5. The steel stack monitoring system according to claim 4, wherein the central controller is an upper computer, and each infrared monitoring node is provided with a second lower computer and a far infrared imager.

6. The steel pile monitoring system according to claim 5, wherein the first lower computer and the second lower computer are industrial personal computers.

7. The reactor steel monitoring system of claim 6, wherein the field devices comprise a warning light and flying shears.

8. A method for monitoring steel pile, which is characterized by using the steel pile monitoring system as claimed in claim 7 for monitoring steel pile, and comprises the following steps:

acquiring the red steel image; wherein the red steel image comprises a visible light image collected by the high-speed industrial camera and an infrared light image collected by the far infrared imager;

carrying out image processing on the red steel image to obtain an image to be detected; the image processing comprises the steps of carrying out region-of-interest division and image segmentation processing on the red steel image;

carrying out steel piling phenomenon identification based on the image to be detected so as to determine a steel rolling area corresponding to the steel piling accident of the image to be detected;

and controlling the external equipment to carry out steel piling accident site treatment based on the steel piling phenomenon.

9. The method for monitoring the steel pile according to claim 8, wherein the step of identifying the steel pile-up phenomenon based on the image to be detected to determine the steel rolling area corresponding to the steel pile-up accident on the basis of the image to be detected comprises the following steps:

performing region boundary crossing detection on the image to be detected to obtain a first stacked steel phenomenon identification result;

detecting the arrival time of the image to be detected to obtain a second steel piling phenomenon identification result;

and determining a steel rolling area corresponding to the steel piling accident of the image to be detected based on the first steel piling phenomenon identification result and the second steel piling phenomenon identification result.
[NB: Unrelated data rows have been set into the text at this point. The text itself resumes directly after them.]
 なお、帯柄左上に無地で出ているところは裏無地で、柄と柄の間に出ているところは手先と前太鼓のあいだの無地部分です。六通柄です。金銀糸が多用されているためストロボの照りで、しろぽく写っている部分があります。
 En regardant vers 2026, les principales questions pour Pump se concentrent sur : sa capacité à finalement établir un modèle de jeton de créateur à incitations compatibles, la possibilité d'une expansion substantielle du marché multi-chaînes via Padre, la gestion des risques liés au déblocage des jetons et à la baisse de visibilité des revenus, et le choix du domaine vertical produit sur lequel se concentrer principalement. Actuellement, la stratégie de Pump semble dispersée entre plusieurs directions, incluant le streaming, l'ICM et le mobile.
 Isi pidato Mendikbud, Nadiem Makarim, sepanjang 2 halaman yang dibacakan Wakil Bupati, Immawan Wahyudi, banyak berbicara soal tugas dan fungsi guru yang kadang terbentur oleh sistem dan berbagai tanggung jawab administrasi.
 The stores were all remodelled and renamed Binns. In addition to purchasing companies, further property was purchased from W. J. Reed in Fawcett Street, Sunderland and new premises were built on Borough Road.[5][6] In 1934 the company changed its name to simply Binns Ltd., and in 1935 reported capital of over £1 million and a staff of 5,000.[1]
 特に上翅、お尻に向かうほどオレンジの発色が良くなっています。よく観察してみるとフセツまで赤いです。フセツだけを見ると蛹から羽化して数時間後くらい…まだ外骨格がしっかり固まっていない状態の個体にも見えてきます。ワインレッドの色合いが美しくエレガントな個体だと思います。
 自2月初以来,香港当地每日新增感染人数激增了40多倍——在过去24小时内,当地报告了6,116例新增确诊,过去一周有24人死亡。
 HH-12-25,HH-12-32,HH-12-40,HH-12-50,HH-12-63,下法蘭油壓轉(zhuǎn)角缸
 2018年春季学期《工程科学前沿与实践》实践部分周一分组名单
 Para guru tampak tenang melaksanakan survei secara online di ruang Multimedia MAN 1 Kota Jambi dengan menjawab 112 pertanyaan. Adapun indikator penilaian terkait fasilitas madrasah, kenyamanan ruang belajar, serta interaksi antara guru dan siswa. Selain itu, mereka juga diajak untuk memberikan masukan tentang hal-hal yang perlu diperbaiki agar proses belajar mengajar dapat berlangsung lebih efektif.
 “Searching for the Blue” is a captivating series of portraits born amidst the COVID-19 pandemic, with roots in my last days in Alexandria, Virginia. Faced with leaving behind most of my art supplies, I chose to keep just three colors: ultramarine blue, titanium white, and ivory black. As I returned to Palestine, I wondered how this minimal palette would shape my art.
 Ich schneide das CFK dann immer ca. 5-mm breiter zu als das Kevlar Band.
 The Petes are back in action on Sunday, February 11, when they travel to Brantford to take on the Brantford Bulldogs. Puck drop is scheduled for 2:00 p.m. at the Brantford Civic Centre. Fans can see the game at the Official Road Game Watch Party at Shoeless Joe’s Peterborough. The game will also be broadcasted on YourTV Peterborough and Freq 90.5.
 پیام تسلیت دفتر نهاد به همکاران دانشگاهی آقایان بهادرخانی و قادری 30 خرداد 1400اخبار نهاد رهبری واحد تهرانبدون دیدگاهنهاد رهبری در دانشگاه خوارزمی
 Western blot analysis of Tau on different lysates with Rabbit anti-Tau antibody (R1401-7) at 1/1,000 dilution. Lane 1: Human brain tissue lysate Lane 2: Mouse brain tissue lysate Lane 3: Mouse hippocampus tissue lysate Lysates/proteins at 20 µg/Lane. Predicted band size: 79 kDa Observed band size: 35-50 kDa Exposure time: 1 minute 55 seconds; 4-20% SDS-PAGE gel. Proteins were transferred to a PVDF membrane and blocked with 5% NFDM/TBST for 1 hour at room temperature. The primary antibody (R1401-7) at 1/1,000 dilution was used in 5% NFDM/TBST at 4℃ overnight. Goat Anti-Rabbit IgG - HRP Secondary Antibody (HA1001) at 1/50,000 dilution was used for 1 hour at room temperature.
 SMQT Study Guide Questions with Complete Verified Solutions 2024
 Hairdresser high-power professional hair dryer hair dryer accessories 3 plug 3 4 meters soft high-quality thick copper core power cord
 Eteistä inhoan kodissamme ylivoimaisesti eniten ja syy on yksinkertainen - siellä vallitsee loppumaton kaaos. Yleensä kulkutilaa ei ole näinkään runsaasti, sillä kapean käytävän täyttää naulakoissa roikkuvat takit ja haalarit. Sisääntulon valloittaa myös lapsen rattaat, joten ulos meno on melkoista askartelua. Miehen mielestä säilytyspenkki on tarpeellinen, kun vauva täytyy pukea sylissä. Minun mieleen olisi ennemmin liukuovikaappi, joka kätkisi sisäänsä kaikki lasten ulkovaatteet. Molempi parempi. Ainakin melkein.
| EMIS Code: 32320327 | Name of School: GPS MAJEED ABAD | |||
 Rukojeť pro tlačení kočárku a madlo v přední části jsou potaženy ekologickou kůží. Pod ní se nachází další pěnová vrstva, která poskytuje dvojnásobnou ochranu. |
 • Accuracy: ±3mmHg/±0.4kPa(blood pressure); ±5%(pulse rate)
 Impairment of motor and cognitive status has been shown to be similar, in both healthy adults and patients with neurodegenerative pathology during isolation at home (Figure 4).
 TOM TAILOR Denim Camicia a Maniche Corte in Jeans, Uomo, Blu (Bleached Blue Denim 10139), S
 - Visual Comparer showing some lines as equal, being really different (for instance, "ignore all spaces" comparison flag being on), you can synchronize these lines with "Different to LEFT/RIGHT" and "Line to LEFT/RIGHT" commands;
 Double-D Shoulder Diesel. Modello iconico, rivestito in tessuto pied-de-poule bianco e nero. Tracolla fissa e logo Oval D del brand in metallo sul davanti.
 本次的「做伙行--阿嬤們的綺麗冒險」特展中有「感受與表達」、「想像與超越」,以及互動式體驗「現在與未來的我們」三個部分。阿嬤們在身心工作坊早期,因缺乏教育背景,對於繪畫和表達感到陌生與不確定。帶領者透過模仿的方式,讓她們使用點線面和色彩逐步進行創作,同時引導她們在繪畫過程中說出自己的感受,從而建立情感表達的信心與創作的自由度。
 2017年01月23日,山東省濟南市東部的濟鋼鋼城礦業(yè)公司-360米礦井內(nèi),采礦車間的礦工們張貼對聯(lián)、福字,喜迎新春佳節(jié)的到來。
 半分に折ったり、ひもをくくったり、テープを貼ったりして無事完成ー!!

10. The method of monitoring steel pile up according to claim 9, characterized by further comprising:

obtaining the red steel shape characteristic information of the image to be detected;

and constructing a steel piling monitoring model by adopting a machine learning method based on the red steel shape characteristic information, the first steel piling phenomenon identification result and the second steel piling phenomenon identification result so as to predict the occurrence of steel piling accidents.